◆ Exercise objective: Your answer must be only the lines below from the one containing "- If Avast doesn’t" through the one containing "泛海楼614会议室,结合专业", copied exactly, with the pictures left out.

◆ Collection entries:
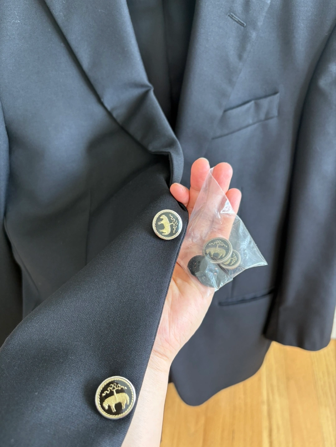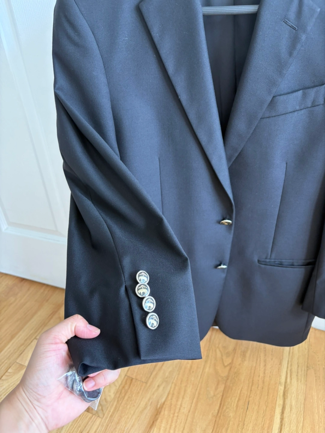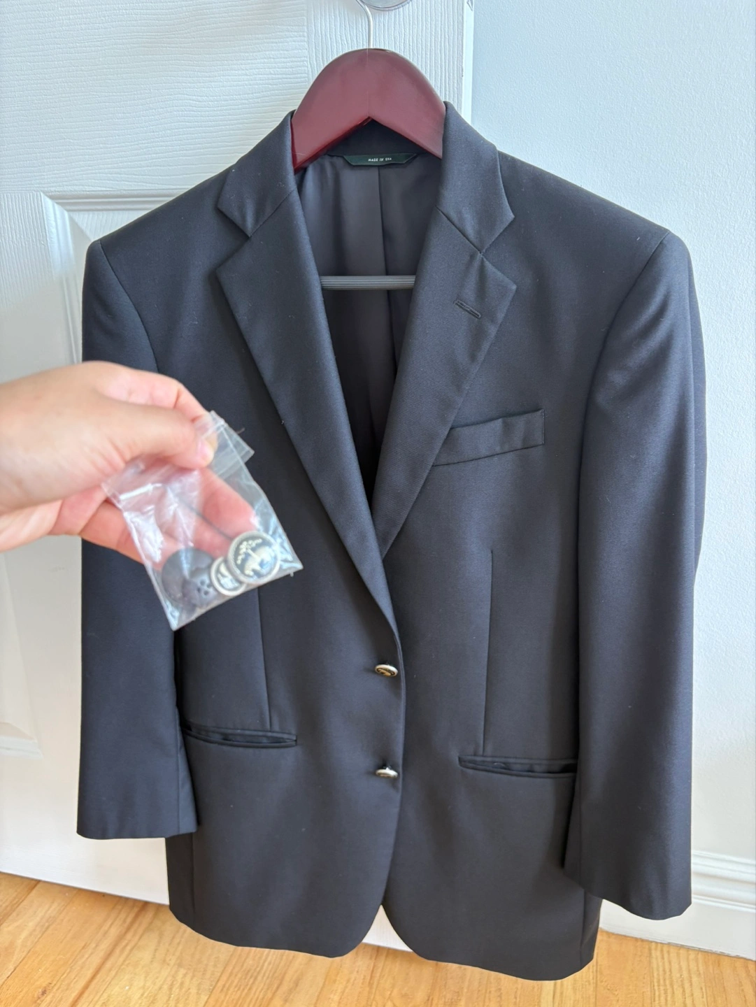 Selling a Brooks Brothers suit in size 36S. Black color. It's made in the USA and features a shell of 100% wool and a lining of 100% Bemberg.
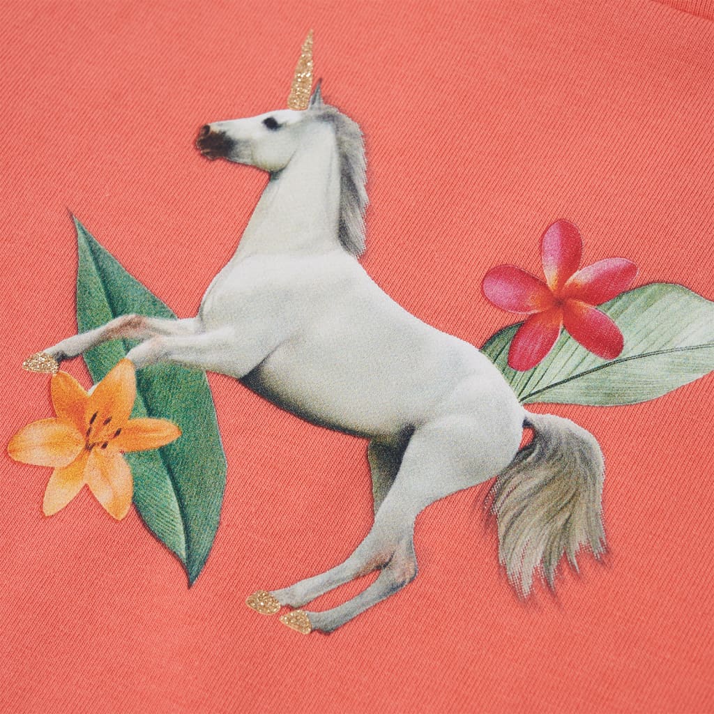 Questa maglietta per bambine ha maniche corte a volant, girocollo, e un taglio dritto. Questa maglietta per bambine presenta uno splendido unicorno con foglie e fiori. La maglietta a maniche corte per bambine è realizzata in un materiale morbido composto dal 95% in cotone e dal 5% in elastan, per offrire comfort e traspirabilità.
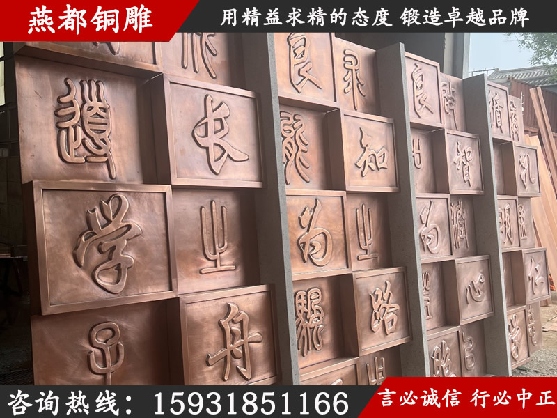 燕都銅雕工程案例——山東煙臺(tái)致良中學(xué)墻面鍛銅浮雕墻面
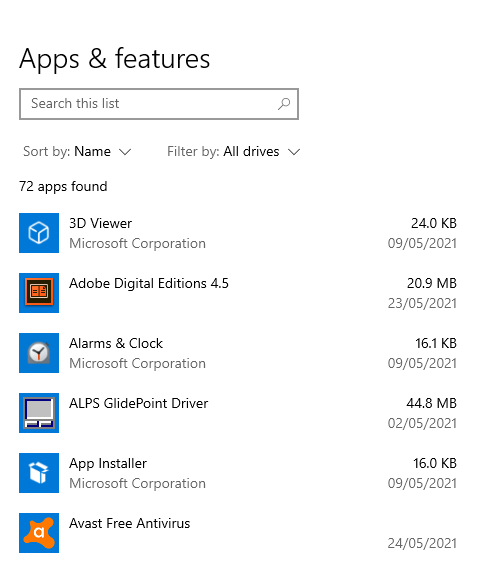 - If Avast doesn’t appear in the Apps & Features list, it’s not installed correctly on your PC, and you’ll have to download and reinstall it.
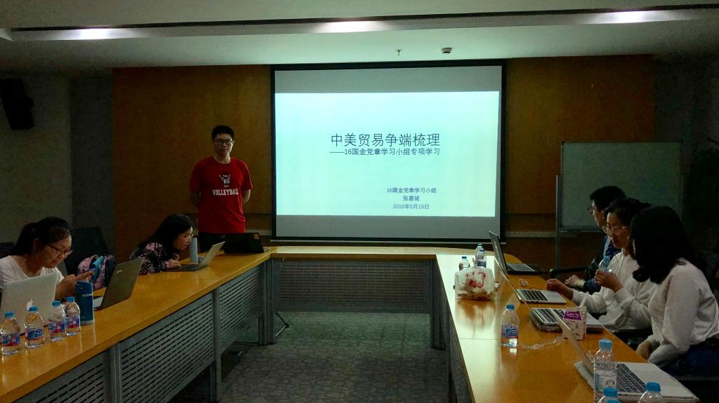 泛海楼614会议室,结合专业优势研讨时事政治,开展了以中美贸易争端为线索的主题研讨会,张嘉诚同学主持了此次专项学习。通过系统而专业的梳理与分析,让同学们对中美贸易摩擦的历史与最新进展有了深刻的了解,帮助大家知晓国家时事,坚定理想信念,厚植爱国情怀。
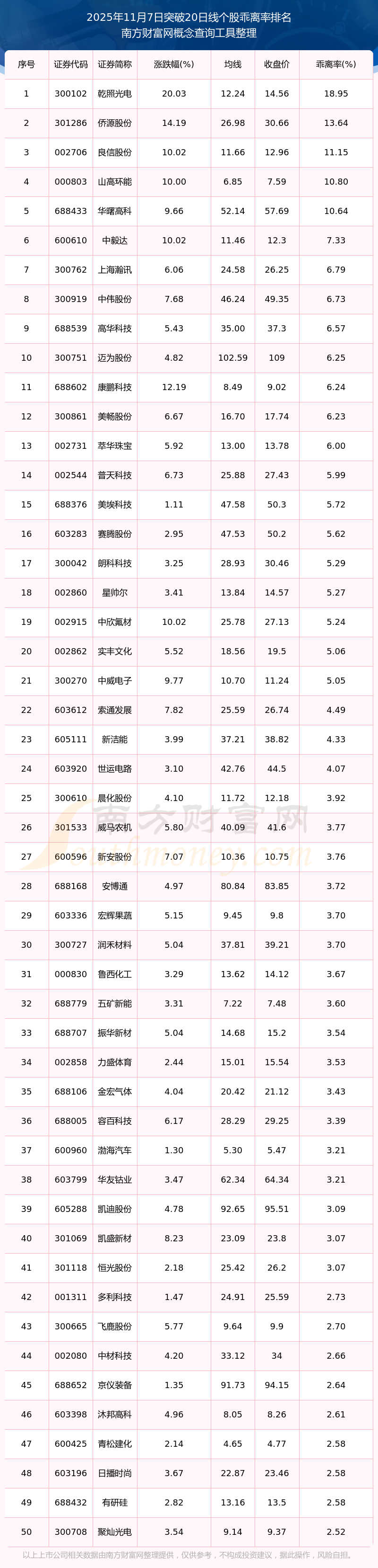 2025年11月7日突破20日線個(gè)股乖離率排名
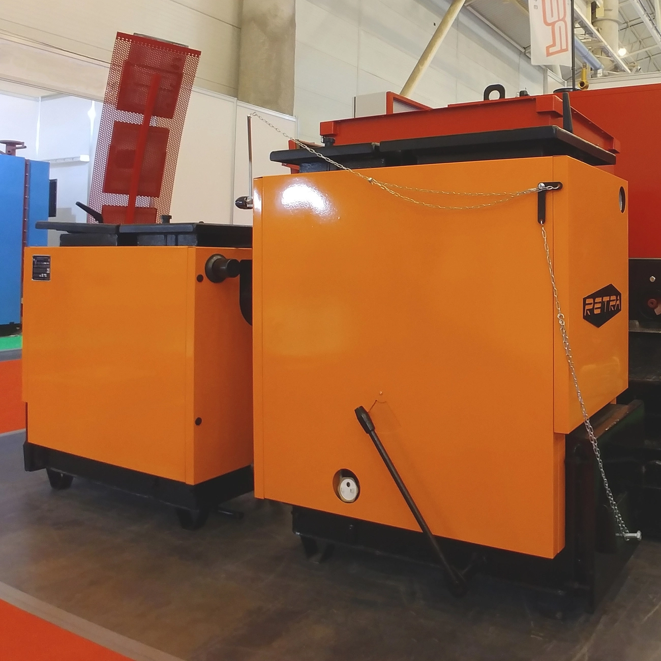 Стальной теплообменник состоит из двух частей: в передней части - камера сгорания, в задней - конвективные каналы. Весь теплообменник охлаждается водой, образуя «водяную рубашку». Вода из системы теплоснабжения растекается по внутренним полостям теплообменника и через его металлические стенки отбирает тепло от топлива горящего (контактным и радиационным способами) и газообразных продуктов сгорания (конвективным способом). Процесс горения происходит на подвижных или неподвижных чугунных колосниках, под колосниками находится зольный ящик. На верхней передней стороне котла размещен люк, на передней стороне люк для удаления золы и шуровки и термометр. На задней стороне находятся: дымоход с шибером, ручка прямой тяги, входящий и исходящий патрубки. Под декоративным кожухом расположен слой теплоизоляции. На левой стороне модели Ретра 6М Комфорт находится ручка механизма шуровки колосников.
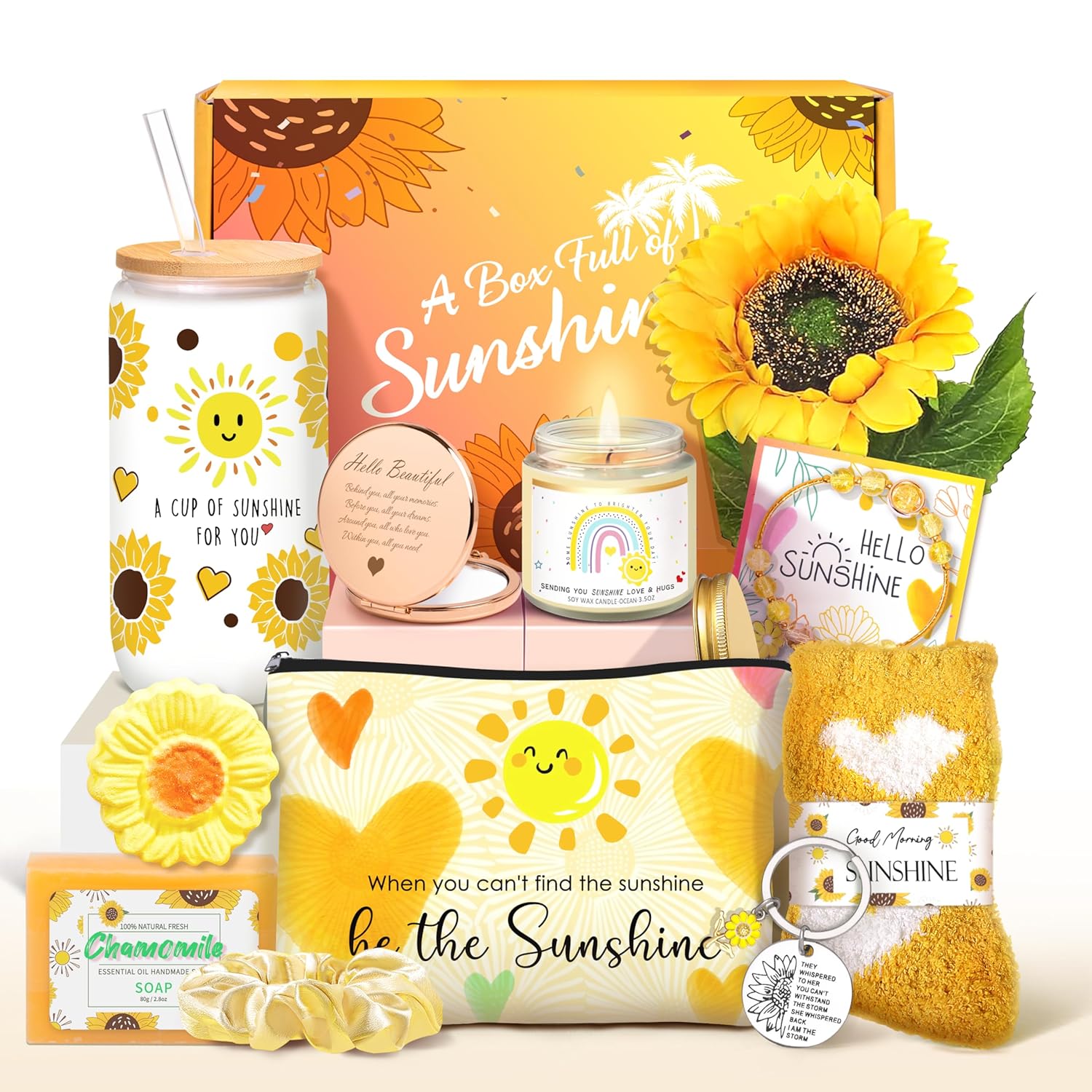 - FEEL BETTER GIFTS FOR WOMEN-The 16 oz sunflower glass cups with "A CUP OF SUNSHINE FOR YOU" is made of high -quality glass and is the perfect choice for hot and cold beverages. The lavender candle is made of pure plant essential oil. The sunflower -colored cosmetic bag is printed with "When you can‘t find the sunshine be the Sunshine". The furry socks provides warmth and comfort all day. With "HELLO SUNSHINE " bracelet.All design symbolizes your love and support.
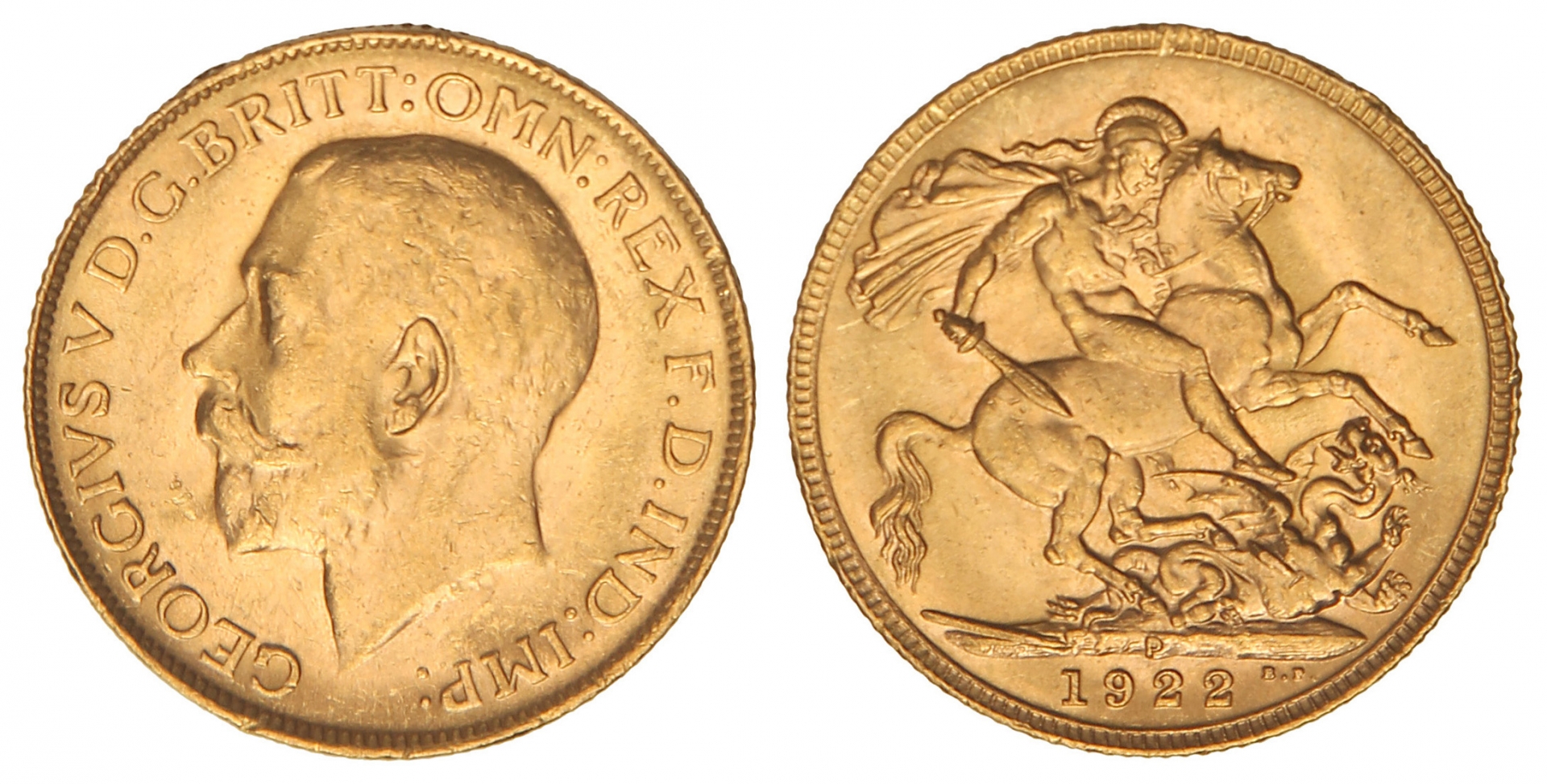 Soberano. 1922-P. JORGE V. PERTH. 7,98 grs. AU. (Golpes en canto). Fr-40; KM-29. EBC.

◆ Task solution:
 - If Avast doesn’t appear in the Apps & Features list, it’s not installed correctly on your PC, and you’ll have to download and reinstall it.
 泛海楼614会议室,结合专业优势研讨时事政治,开展了以中美贸易争端为线索的主题研讨会,张嘉诚同学主持了此次专项学习。通过系统而专业的梳理与分析,让同学们对中美贸易摩擦的历史与最新进展有了深刻的了解,帮助大家知晓国家时事,坚定理想信念,厚植爱国情怀。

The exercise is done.